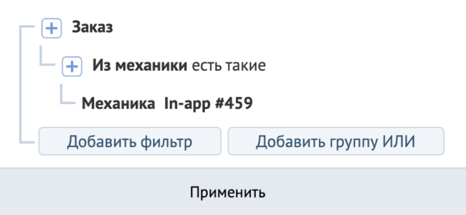 Раньше можно было оценить эффективность In-App только по click rate, с помощью собственной аналитики или АB-тестов сегментов. Теперь отчет «Доходность механик» показывает число заказов, атрибутированных к каждому In-App за нужный период, и выручку от этих заказов в динамике:
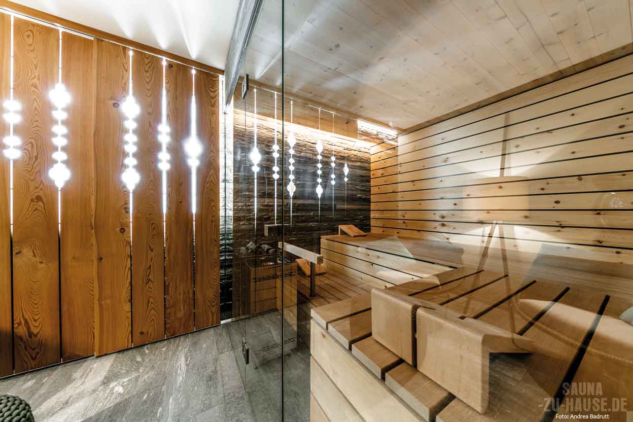 Verbindendes Gestaltungselement ist die stringente gerade Linienführung: Sowohl im Inneren der Kabine bei Vertäfelung, Bänken und Kabinenwand aus Valserquarzit wie auch im gesamten Raum fällt das moderne Design ins Auge. Wichtig war es, dass die verwendeten Hölzer naturbelassen, optisch hochwertig und regional sind. Toller Pluspunkt: Das spezielle Arvenholzenthält ätherische Öle, die in Kombination mit der Wärme im Inneren der Sauna antiseptisch wirken und obendrein noch sinnlich duften.
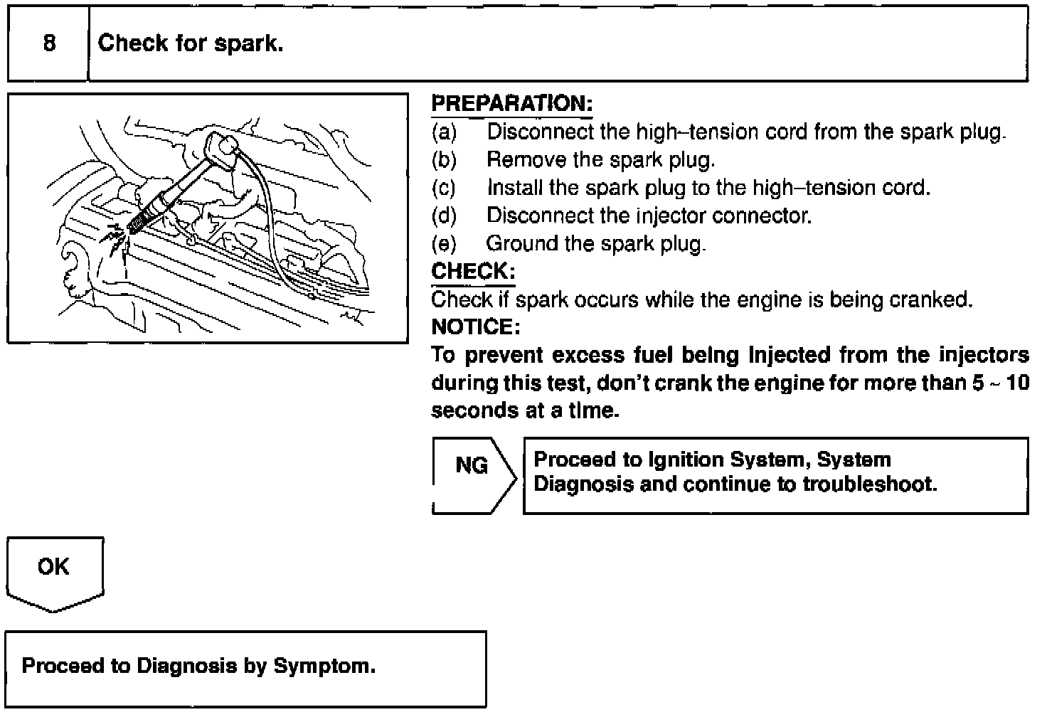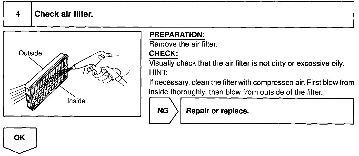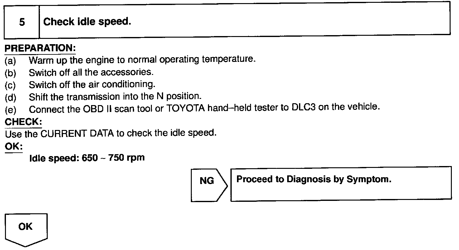 BASIC INSPECTIONWhen the malfunction code is not confirmed in the DTC check, troubleshooting should be performed in the order for all possible circuits to be considered as the causes of the problems. In many cases, by carrying out the basic engine check shown in the following flow chart, the location causing the problem can be found quickly and efficiently. Therefore, use of this check is essential in engine troubleshooting.

== Task requirements ==
Apart from the images, please copy every line of the data exactly as written.

== Response to this exercise ==
 Раньше можно было оценить эффективность In-App только по click rate, с помощью собственной аналитики или АB-тестов сегментов. Теперь отчет «Доходность механик» показывает число заказов, атрибутированных к каждому In-App за нужный период, и выручку от этих заказов в динамике:
 Verbindendes Gestaltungselement ist die stringente gerade Linienführung: Sowohl im Inneren der Kabine bei Vertäfelung, Bänken und Kabinenwand aus Valserquarzit wie auch im gesamten Raum fällt das moderne Design ins Auge. Wichtig war es, dass die verwendeten Hölzer naturbelassen, optisch hochwertig und regional sind. Toller Pluspunkt: Das spezielle Arvenholzenthält ätherische Öle, die in Kombination mit der Wärme im Inneren der Sauna antiseptisch wirken und obendrein noch sinnlich duften.
 BASIC INSPECTIONWhen the malfunction code is not confirmed in the DTC check, troubleshooting should be performed in the order for all possible circuits to be considered as the causes of the problems. In many cases, by carrying out the basic engine check shown in the following flow chart, the location causing the problem can be found quickly and efficiently. Therefore, use of this check is essential in engine troubleshooting.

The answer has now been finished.